REQUIREMENT
Set down exact lines only, from the line with "Markin Etichette Adesive" through the last line of the material below, with every picture left out.

RAW DATA
---+---

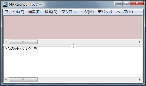 3ds Max によって[MAXScript リスナー](MAXScript listener)ダイアログ ボックスが開きます。
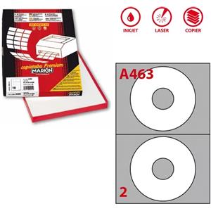 Markin Etichette Adesive A/463 Bianche per CD - 100 Fogli, Diametro 117,5 mm, Foro 41 mm, 2 Etichette per Foglio
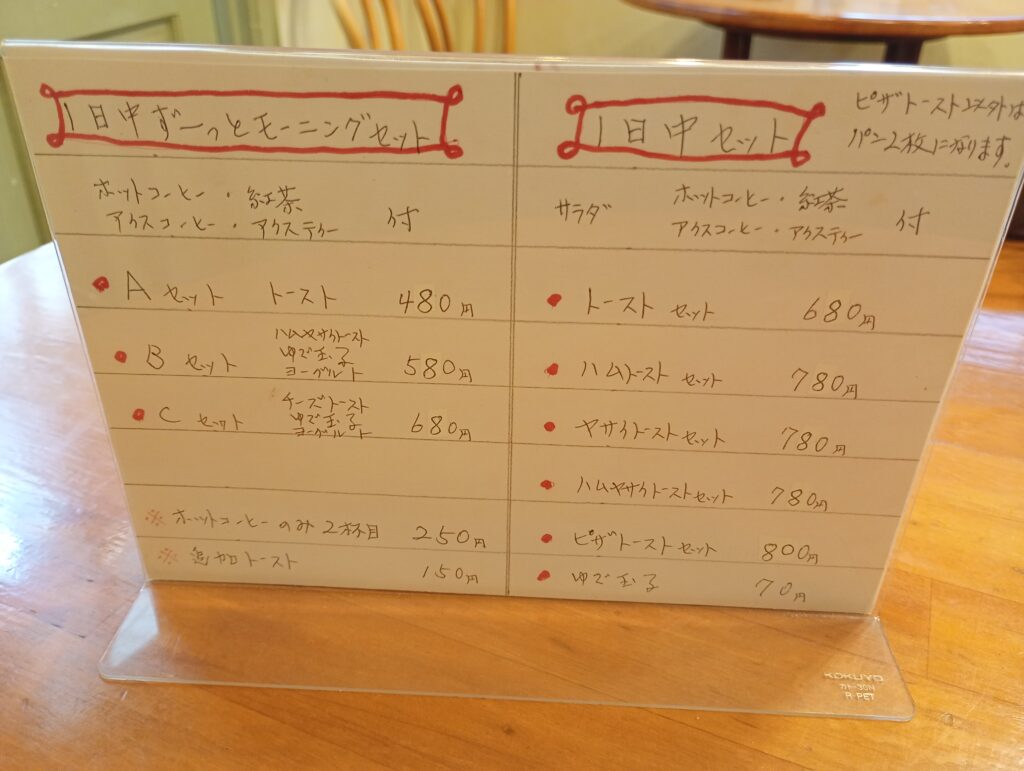 テーブルにもメニューがありました。1日中モーニングを提供しているとのことなので、モーニングCセット680円を注文してみました。

---+---

ANSWER BOX
 Markin Etichette Adesive A/463 Bianche per CD - 100 Fogli, Diametro 117,5 mm, Foro 41 mm, 2 Etichette per Foglio
 テーブルにもメニューがありました。1日中モーニングを提供しているとのことなので、モーニングCセット680円を注文してみました。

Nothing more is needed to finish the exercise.